# Dataset content
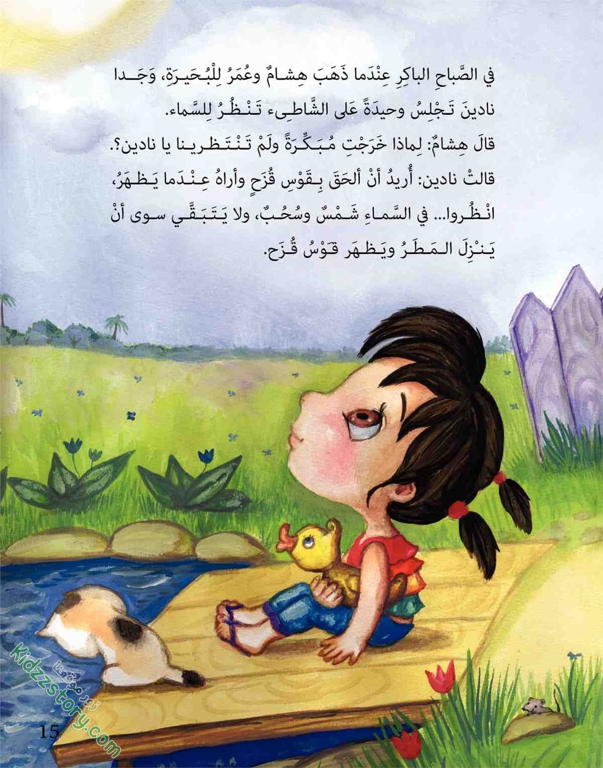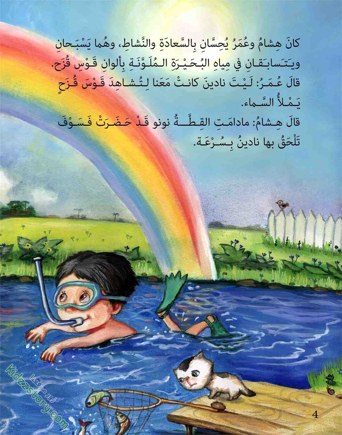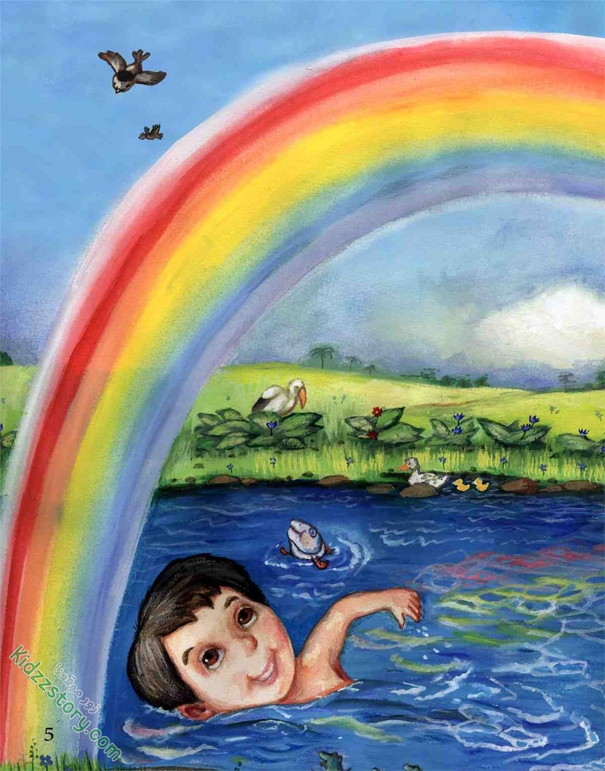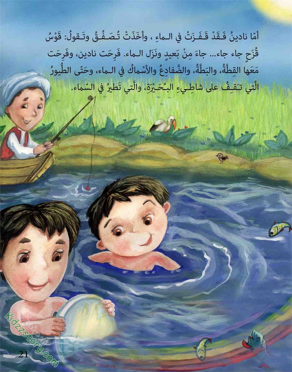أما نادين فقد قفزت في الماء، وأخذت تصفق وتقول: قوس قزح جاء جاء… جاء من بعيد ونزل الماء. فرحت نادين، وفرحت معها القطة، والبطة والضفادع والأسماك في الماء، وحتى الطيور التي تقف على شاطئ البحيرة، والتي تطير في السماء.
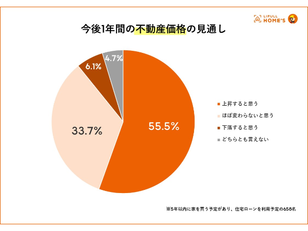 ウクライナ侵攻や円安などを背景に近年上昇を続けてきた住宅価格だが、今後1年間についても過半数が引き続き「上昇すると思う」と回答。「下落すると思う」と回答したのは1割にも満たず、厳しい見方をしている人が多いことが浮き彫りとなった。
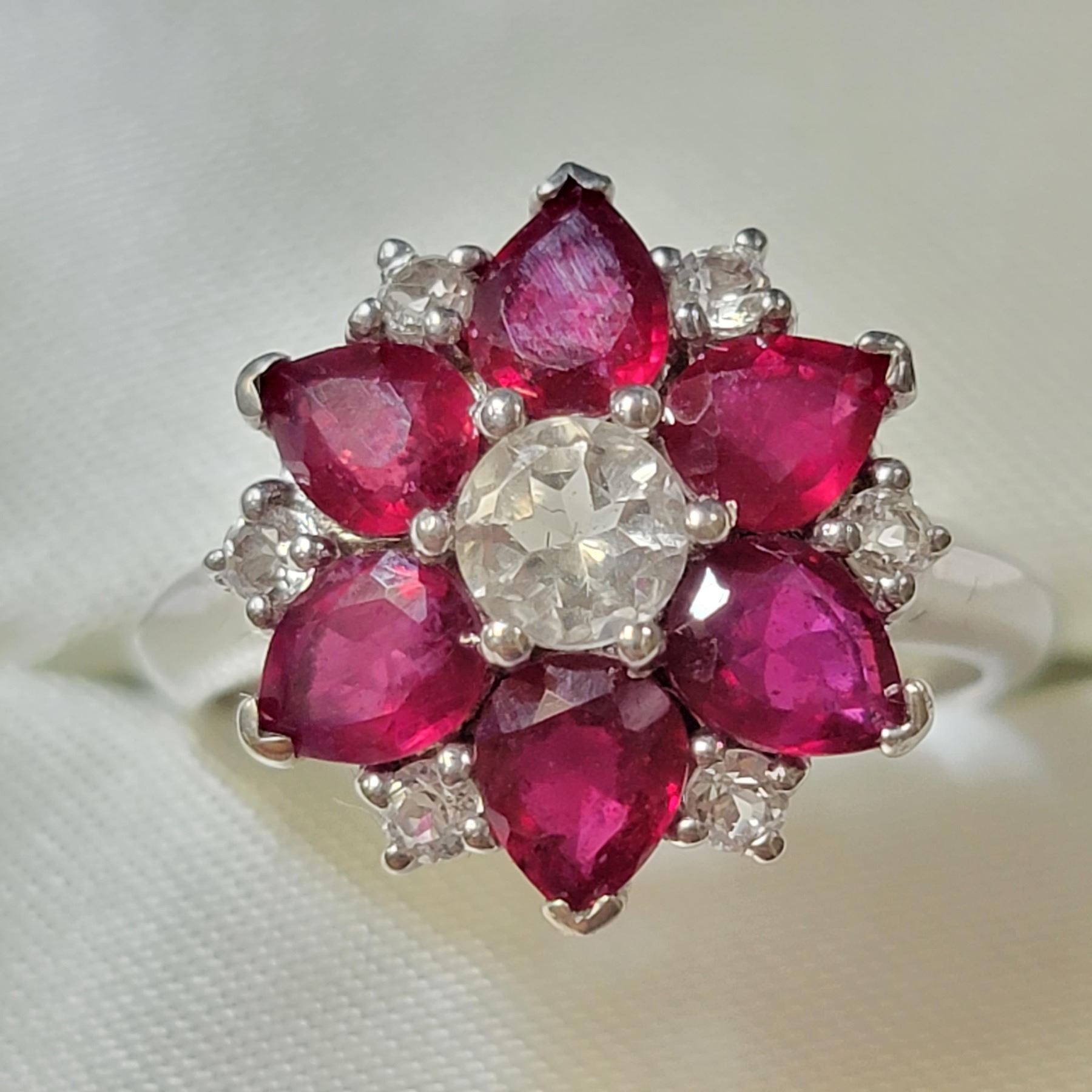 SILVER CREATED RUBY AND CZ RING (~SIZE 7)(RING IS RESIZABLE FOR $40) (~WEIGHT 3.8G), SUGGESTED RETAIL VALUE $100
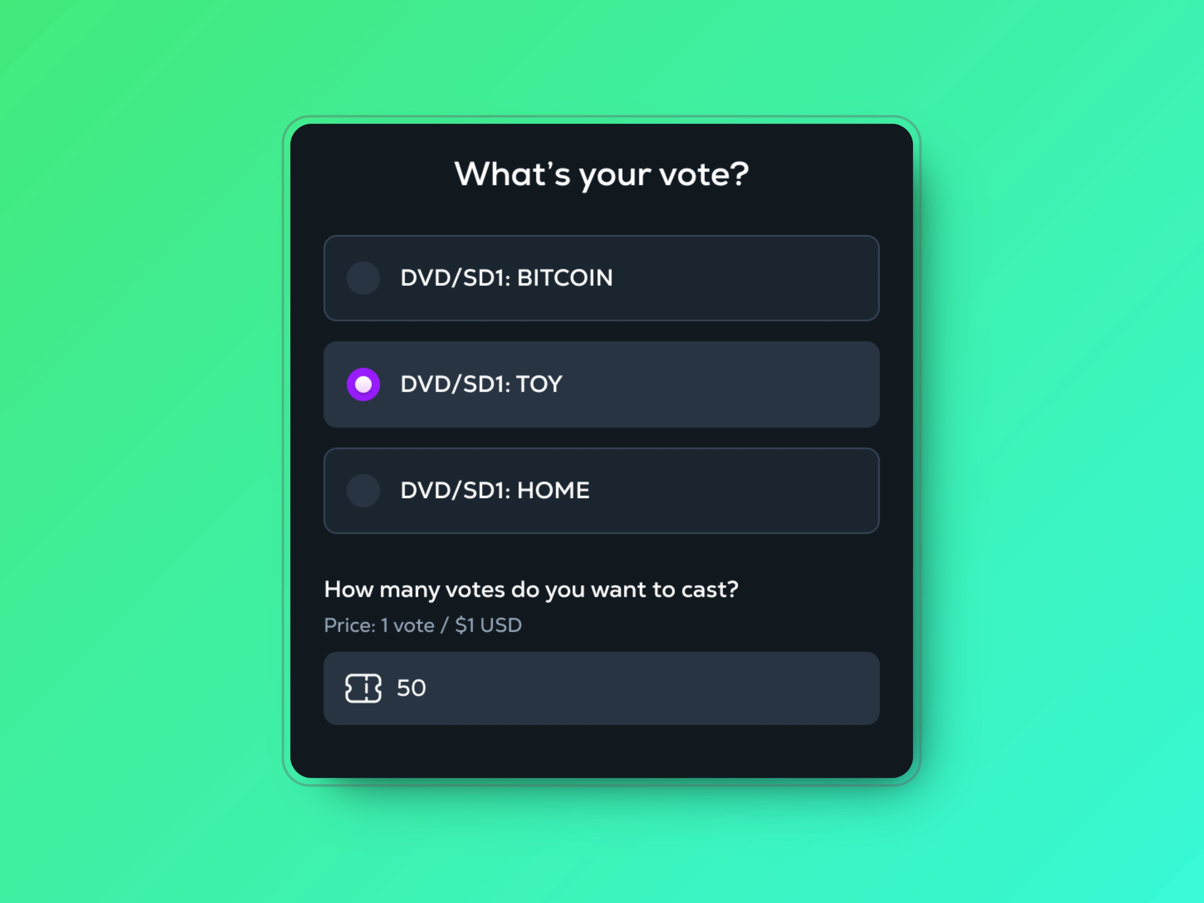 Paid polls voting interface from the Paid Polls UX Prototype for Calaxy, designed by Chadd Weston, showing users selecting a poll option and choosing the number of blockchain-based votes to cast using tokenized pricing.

# Task requirements
Going from the line with "SILVER CREATED RUBY" to the last line of the listing, write out each line exactly and nothing else. Leave out all pictures.

# Answer to the problem
 SILVER CREATED RUBY AND CZ RING (~SIZE 7)(RING IS RESIZABLE FOR $40) (~WEIGHT 3.8G), SUGGESTED RETAIL VALUE $100
 Paid polls voting interface from the Paid Polls UX Prototype for Calaxy, designed by Chadd Weston, showing users selecting a poll option and choosing the number of blockchain-based votes to cast using tokenized pricing.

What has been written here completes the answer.